Ważne jest dostrzeżenie jednych i drugich, ważne jest zastanowienie się nad ich aktualną wagą, widząc jak bardzo inne są współczesne wyzwania cywilizacyjne.
Zwróciłbym uwagę na dwa ważne i względnie nowe czynniki dzisiejszej rzeczywistości cywilizacyjnej:
- Duża dynamika istotnych zmian. Można zaryzykować taką tezę, że jeszcze dwudziestowieczna wiedza o cywilizacjach była nauką o procesach stacjonarnych, trochę tak jak statyka w fizyce, polegająca na analizowaniu stanów równowagi. Zmiany społeczne następowały dużo wolniej niż wymiana pokoleń. Teraz tempo zmian jest dużo szybsze niż wymiana pokoleń.
- Sterowalność systemów społecznych. Z powodu wielkiego skomplikowania i gwałtownego przyrostu ilości ważnych zmian, w XXI wieku nastąpiło krytyczne załamanie sterowalności zcentralizowanych systemów społecznych. Każde centralnie zarządzane państwo ma maksymalne rozmiary, których powiększenie musi prowadzić do katastrofy. Mamy odejście od statyki do dynamiki oraz do procesów nierównowagowych i mamy wielki wzrost zapotrzebowania na rozwiązywanie problemów nietypowych. To jest niemożliwe w rozległych systemach centralnie sterowanych.
Wniosek:
Europie grozi katastrofa z dwóch powodów - nie tylko z powodu multi-kulti, ale i z powodu dążenia do powiększania rozmiarów centralnie zarządzanej unii. Każde wielkie imperium musi upaść i dlatego koncepcja jednego wielkiego europejskiego superpaństwa jest drugim samobójczym idiotyzmem brukselskiego establishmentu.
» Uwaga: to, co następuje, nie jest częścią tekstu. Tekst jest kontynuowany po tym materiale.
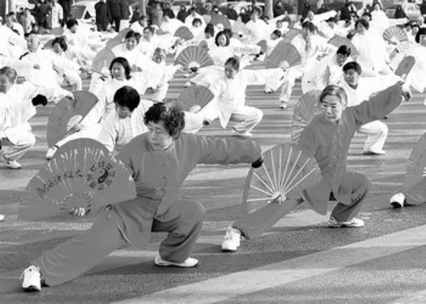 | 1月1日,太极扇爱好者在表演。当日,石家庄市800多名太极拳、太极扇爱好者在石家庄市文化广场表演,庆祝新年的到来。 新华社记者 杨世尧摄 |
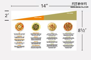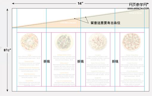 版面具体的一些细节设置,可大致根据上图所示设定即可。上方剪切的角度要适中,要保留有足够的空间来显示标题,但也不要太倾斜。稳妥的办法是设计完后自己打张草图片来折一下看看效果。
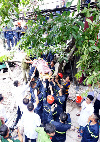 Sau nhiều giờ đồng hồ vất vả, lực lượng cứu nạn đã đưa được nạn nhân cuối cùng ra khỏi ngôi nhà bị sâp
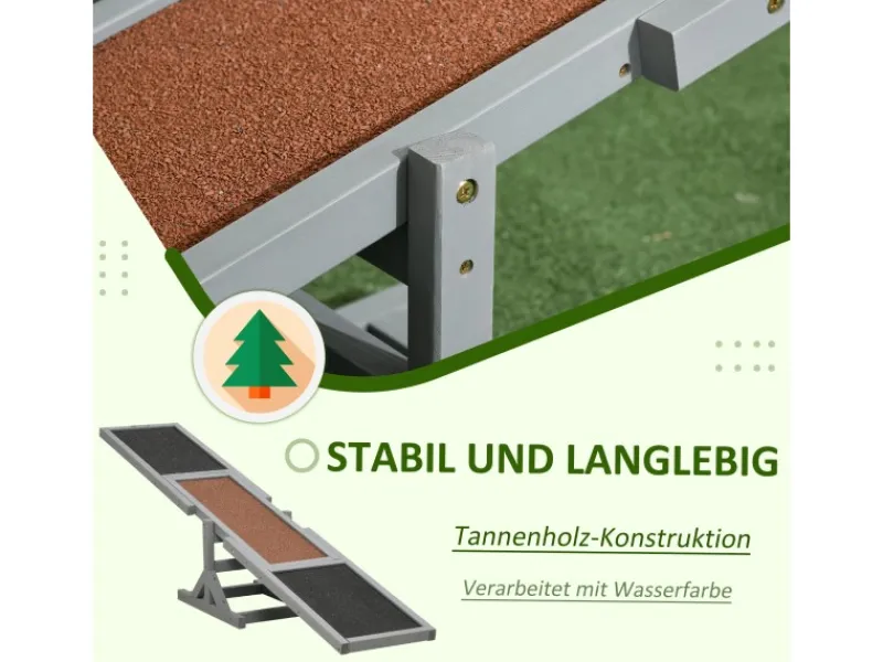 Die PawHut Hundewippe für Agility bietet deinem Hund eine Möglichkeit, sich zu bewegen. Unsere Hundewippe für Agility hat eine rutschfeste Oberfläche, die deinem Hund beim Balancieren einen besseren Halt gibt. Unsere Agility-Ausrüstung kann das Selbstvertrauen, das Training und den Gehorsam fördern und dabei helfen, den Hund in Form zu halten. Unsere Wippe ist für Hunde bis zu 30 kg ausgelegt und somit für die meisten Hunderassen geeignet.
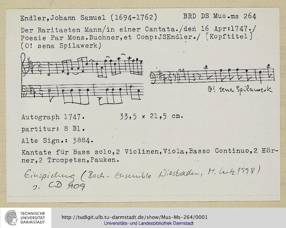 | Instrumentation | Bass voice + 2 horns, 2 trumpets, timpani, strings, basso continuo |
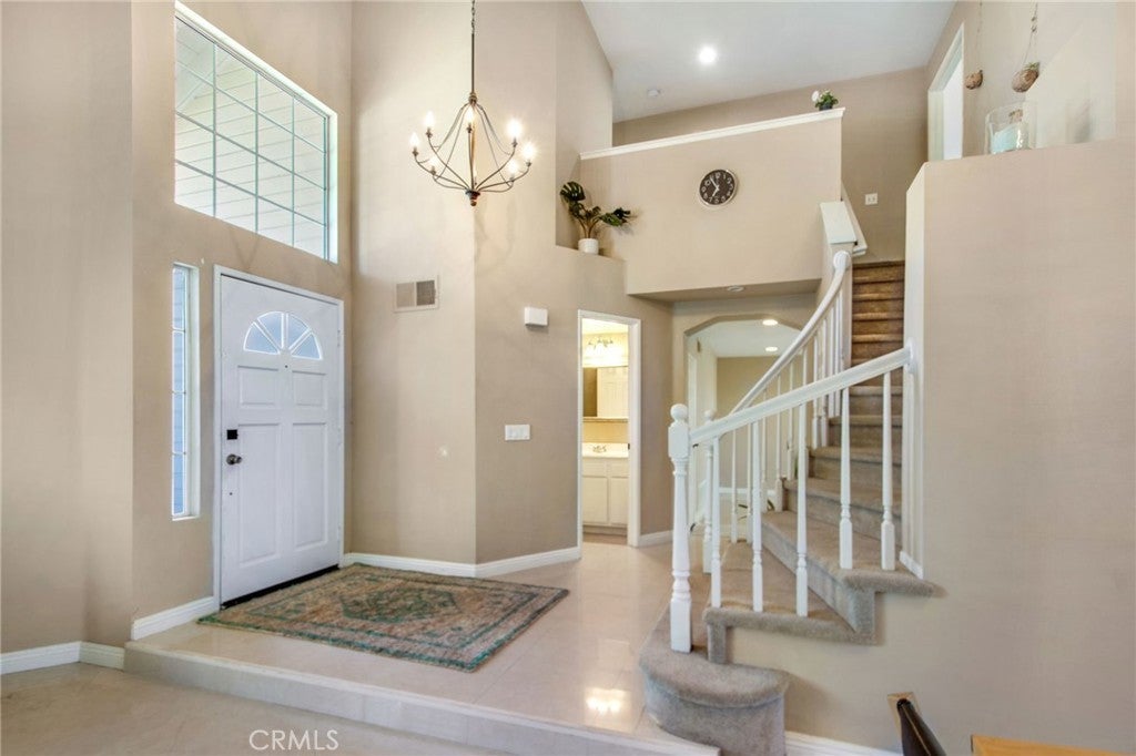 Experience the best of Robinson Ranch living —a beautiful two-story home perfectly positioned on a quiet street just steps from parks, playgrounds, and the community pool. This spacious residence features 4 bedrooms, all conveniently located upstairs, and 2.5 bathrooms across approximately 1,700 square feet, offering an ideal layout for families and modern lifestyles. Step inside to discover soaring cathedral ceilings, designer finishes, and abundant natural light throughout the inviting living and dining spaces. The family room boasts a cozy fireplace, while the open kitchen is equipped with a breakfast nook and ample storage, making it the heart of the home. Retreat to a generous primary suite, complete with a scenic view of city lights and rolling hills, dual sinks, soaking tub, and separate shower—perfect for unwinding after a busy day. Each bedroom comes with mirrored wardrobes and contemporary fixtures, ensuring comfort and style. Outdoor living is yours in the landscaped backyard featuring a covered patio, and lawn—ideal for entertaining or relaxing with loved ones. Enjoy direct garage access, room for four-car parking, and practical amenities including central air, forced air heating, laundry hookups for both gas and electric dryers, and low Mello Roos and HOA fees. With top-rated Saddleback Valley schools and vibrant neighborhood amenities just a short walk away, this outstanding property delivers the quintessential California lifestyle in a sought-after Robinson Ranch location. Don’t miss the opportunity to make this move-in ready home yours!
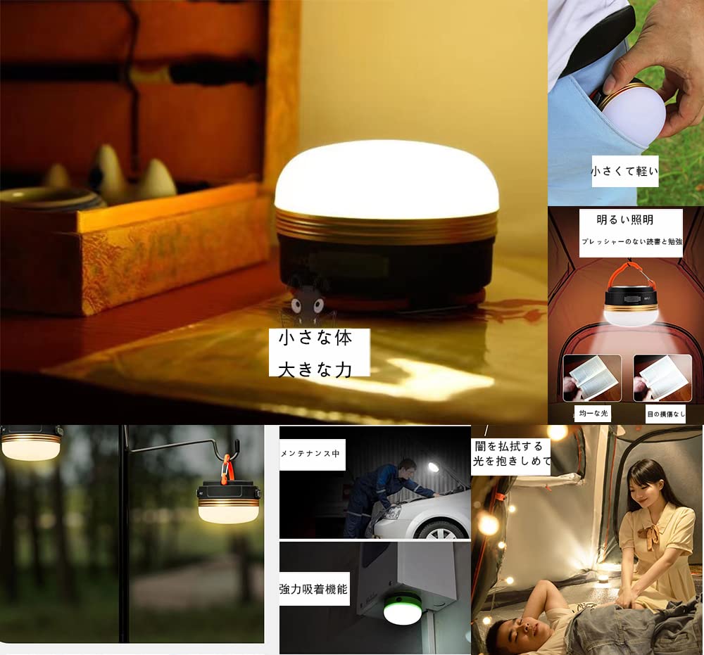 ランタン:小さく軽いので、アウトドア用としての持ち歩きや、非常時の持ち出し用にも便利です。三つ調光モードがあるので、強モード、弱モードSOS点滅モードも搭載、状況によって利用が可能です。
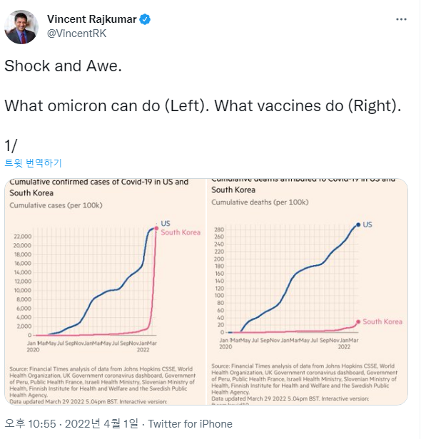 오른쪽은 코로나 사망자 수 미국과 한국의 비교
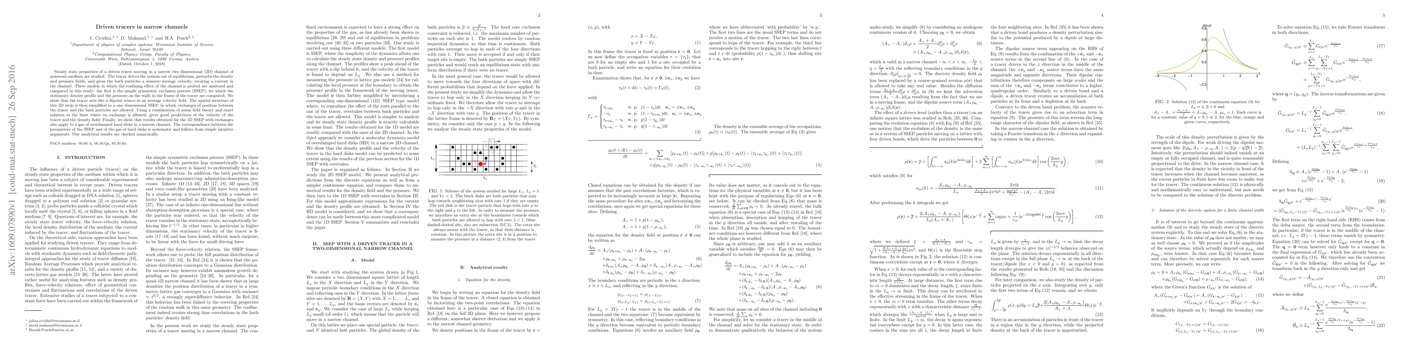 Steady state properties of a driven tracer moving in a narrow two dimensional (2D) channel of quiescent medium are studied. The tracer drives the system out of equilibrium, perturbs the density and pressure fields, and gives the bath particles a nonzero average velocity, creating a current in the channel. Three models in which the confining effect of the channel is probed are analyzed and compared in this study: the first is the simple symmetric exclusion process (SSEP), for which the stationary density profile and the pressure on the walls in the frame of the tracer are computed. We show that the tracer acts like a dipolar source in an average velocity field. The spatial structure of this 2D strip is then simplified to a one dimensional SSEP, in which exchanges of position between the tracer and the bath particles are allowed. Using a combination of mean field theory and exact solution in the limit where no exchange is allowed, gives good predictions of the velocity of the tracer and the density field. Finally, we show that results obtained for the 1D SSEP with exchanges also apply to a gas of overdamped hard disks in a narrow channel. The correspondence between the parameters of the SSEP and of the gas of hard disks is systematic and follows from simple intuitive arguments. Our analytical results are checked numerically.
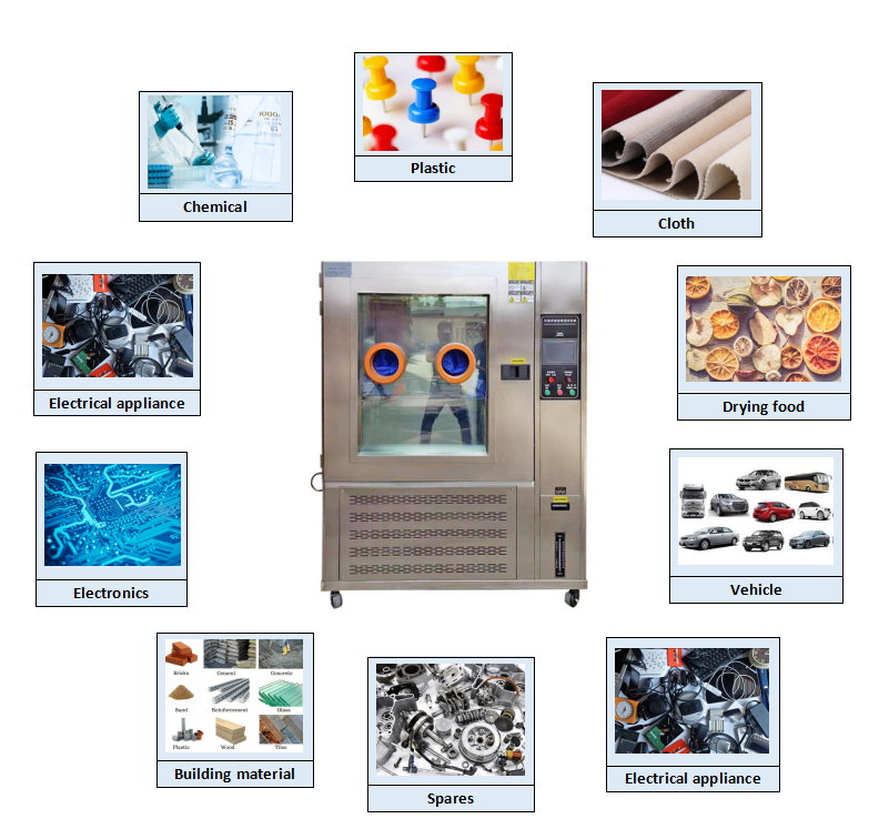 ห้องทดสอบอุณหภูมิและความชื้นสามารถจำลองสภาพแวดล้อมทางธรรมชาติที่ซับซ้อนของอุณหภูมิต่ำ อุณหภูมิสูง ความชื้นสูง อุณหภูมิต่ำ และความชื้นต่ำได้อย่างแม่นยำ ซึ่งเหมาะสำหรับการตรวจจับผลิตภัณฑ์พลาสติก อุปกรณ์อิเล็กทรอนิกส์ อาหาร เสื้อผ้า ยานพาหนะ โลหะ สารเคมี วัสดุก่อสร้าง และอุตสาหกรรมอื่นๆ

Każdy nadymany balon musi kiedyś pęc.
Komentarz:
Prostym rozwiązaniem najważniejszego współczesnego problemu cywilizacyjnego jest zastąpienie systemu centralnie zarządzanej, hierarchicznej monarchii absolutnej cesarstwa Unii Europejskiej czymś zupełnie innym.
Prostym rozwiązaniem najważniejszego współczesnego problemu cywilizacyjnego jest zastąpienie systemu centralnie zarządzanej, hierarchicznej monarchii absolutnej cesarstwa Unii Europejskiej czymś zupełnie innym.
Jest coś takiego!
Jest to rozległy system o rozproszonej inteligencji, w którym problemy są rozwiązywane w miejscu, w którym powstają, bez natrętnych wycieczek do Moskwy, Berlina albo do Brukseli.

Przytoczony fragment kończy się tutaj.